Reanalysis of Garinther et al. (2022)
The nonlinearities revealed in the analysis of the GoFundMe prompted me to check whether such nonlinearities are also present in the data by Garinther et al. (2022). Although Garinther et al. (2022) do not mention a concave effect of the beneficiary group size on donations, a reanalysis of their data revealed one. Only a very careful reading of the results by Garinther et al. (2022) hints at a nonlinear effect. This might be because Garinther et al. (2022) modeled the beneficiary group size as an ordinal predictor (i.e., a variable where the distances between the categories are unknown). This alone is not problematic, especially given that Garinther et al. (2022) used a model that does not assume equidistance between the different categories. One should thus be able to observe nonlinearities from the plot of the fitted estimates. However, the main figure in Garinther et al. (2022) plots the size of the beneficiary group as equidistant categories on the x-axis. This creates the illusion that the distance between the different beneficiary group sizes (i.e., 2, 5, 7, and 12) is the same and produces a figure that makes the effect of the size of the beneficiary group on donations look approximately linear (see the left panel of Figure 13 which reproduces Figure 2 of Garinther et al. (2022). The right panel of Figure 13 plots the same estimates but now with a numerical x-axis that preserves the inherent (and meaningful) distance between the different beneficiary group sizes. This presentation clearly shows a concave effect for Study 1 and Study 3 of Garinther et al. (2022). 2 I confirmed the concavity of the effect for Study 1 and Study 3 with a mixed model that modeled the number of victims as a numerical predictor and included a quadratic effect of the number of victims. The quadratic effect is negative and significant for the data of Study 1 and Study 3. The detailed results of the reanalysis are provided in the Online Appendix.
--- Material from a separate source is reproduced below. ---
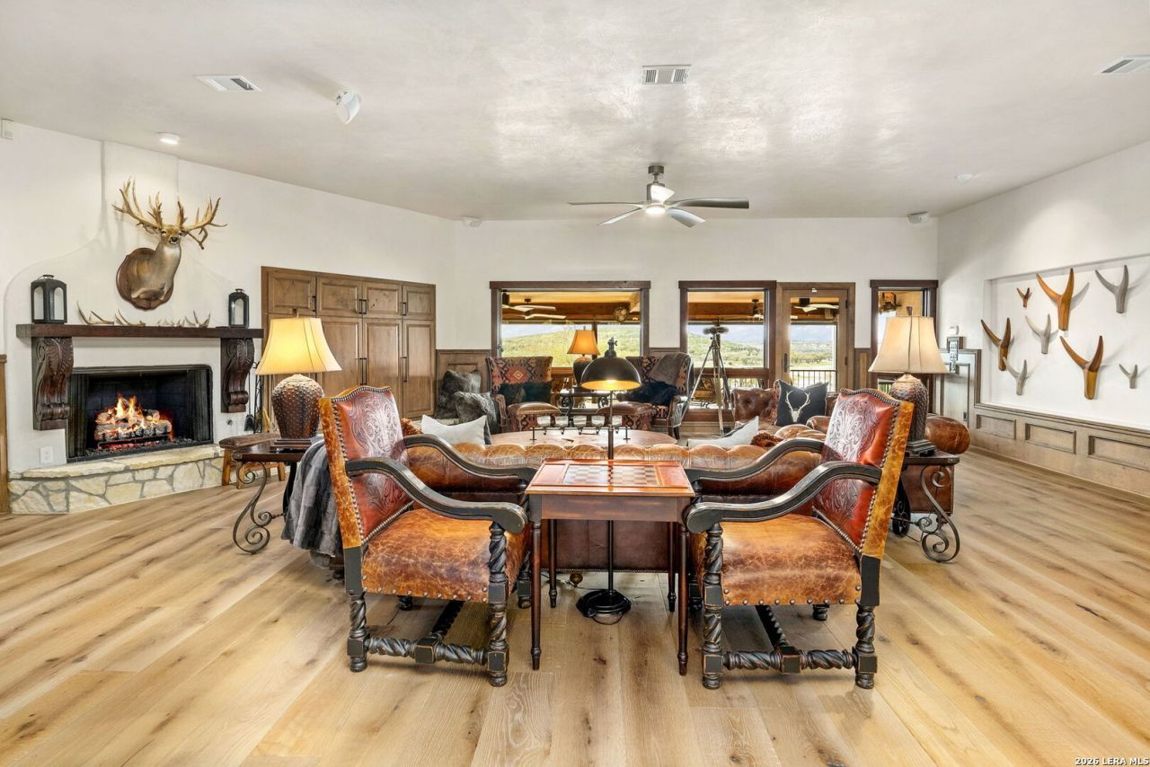 Welcome to your private oasis on the stunning shores of Canyon Lake, Texas-a rare multi-million dollar waterfront estate nestled in the heart of the Texas Hill Country between San Antonio and Austin. This exceptional Comal County luxury property boasts an expansive 4.54 acres with a breathtaking 385+/- feet of pristine waterfront, offering unparalleled privacy, seclusion, and the ultimate lakefront lifestyle. Step into this exquisite 5-bedroom, 5.5-bathroom luxury lake home where every detail has been meticulously crafted for comfort, elegance, and entertaining. This two-story waterfront masterpiece in the highly sought-after Comal School District features spacious living areas with soaring ceilings and panoramic lake views that capture the essence of Hill Country lakefront living. The gourmet chefs kitchen is an entertainers dream, showcasing top-of-the-line appliances, custom cabinetry, and sophisticated design perfect for hosting gatherings large and small. Gorgeous hardwood floors flow throughout the home, while smart home lighting and Sonos sound system integration provide modern convenience and ambiance. Each of the five bedrooms features its own private en-suite bathroom, ensuring comfort and privacy for family and guests alike. The opulent master suite encompasses the entire second story, creating a luxurious private retreat complete with a spa-like ensuite bathroom featuring his and hers closets, a flexible bonus space, and a private balcony overlooking the serene waters of Canyon Lake. Additional amenities include a dedicated billiard room and countless custom touches that make this Central Texas waterfront property truly exceptional for year-round Canyon Lake living. GUEST HOUSE | 660 SQ FT LAKEFRONT CASITA-The charming guest house provides a cozy retreat for extended family or visitors, featuring one bedroom and one full bathroom. This waterfront casita includes a stunning glass shower and a claw-foot tub positioned to overlook the lake, ensuring privacy and comfort while maintaining the luxury aesthetic of the main estate. Outdoor living takes center stage at this Hill Country lake estate. Dive into the luxurious pool with sweeping lake views, perfect for enjoying sunny Texas days and warm evenings with loved ones. The oversized outdoor kitchen is ideal for al fresco dining and lakeside entertaining, while the expansive patio provides ample space for lounging and celebrations throughout the year. ENTERTAINMENT BARN | 2,000 SQ FT EVENT VENUE- Prepare to be amazed by the propertys crown jewel-a 2,000 square-foot barn thoughtfully converted into a full dance hall and bar, making this the most unique entertainment venue on Canyon Lake. Equipped with a professional stage, sound equipment, and dazzling lighting, this one-of-a-kind space is perfect for hosting unforgettable weddings, corporate retreats, family reunions, and celebrations. The barn also features a living space and bedroom upstairs, adding versatility to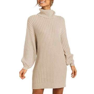 LOGENE Women's Sweater Dress Turtleneck Long Balloon Sleeve Ribbed Knit Oversized Pullover Dresses (Beige, S) 240-xingse-S

Reanalysis of the Data by Garinther et al. (2022). (A) Reproduction of Figure 2 of Garinther et al. (2022), Size of the Beneficiary Group Plotted as Equidistant. (B) Same Data as Shown in Panel A, But Taking the Actual Distance Between the Different Beneficiary Numbers Into Account.
Discussion
Crowdfunding has great promise both for individual and institutional fundraisers (Alexiou et al., 2020). However, most fundraising projects fail to reach their targets (Kenworthy & Igra, 2022; Schneiderhan & Lukk, 2023). In this study, I explored whether this lack of success could in part be explained by the different characteristics of crowdfunding and more traditional fundraising (e.g., mail solicitation). Among other things, crowdfunding platforms differ from more traditional means of fundraising in that potential donors are in a joint evaluation context, that is, they can choose among many projects to donate to. This contrasts with traditional fundraising, where potential donors often face only one donation request at a time (separate evaluation). Importantly for fundraisers, laboratory studies have shown that the effect of the size of the beneficiary group on donations reverses when going from a separate (seeing only one donation request) to a joint evaluation (seeing multiple donation requests) context (Erlandsson, 2021; Garinther et al., 2022). In contrast to results obtained from studies where participants only see one donation request (separate evaluation), studies that show each participant multiple donation requests (joint evaluation) report a positive effect of the beneficiary group size on donations (Erlandsson, 2021; Garinther et al., 2022). Using data from almost 30,000 GoFundMe crowdfunding projects from four countries, I tested whether this effect generalizes to a real-world setting. I did this by testing the effect of the number of people in a project’s profile picture (i.e., the perceived size of the beneficiary group) on the amount of funds raised by a project, the number of donations received by a project, and the size of the average donation received by a project. As hypothesized, and consistent with recent evidence from the lab that tested this effect in a joint evaluation condition (Garinther et al., 2022), I found a mostly significant positive effect of the number of people depicted in the project profile picture on these variables for the subgroup of projects that is most similar to the stimuli used in the laboratory (i.e., maximum 12 people in the picture). The results of the models fitted on the full sample were more mixed, and only a few indicated a significant positive effect.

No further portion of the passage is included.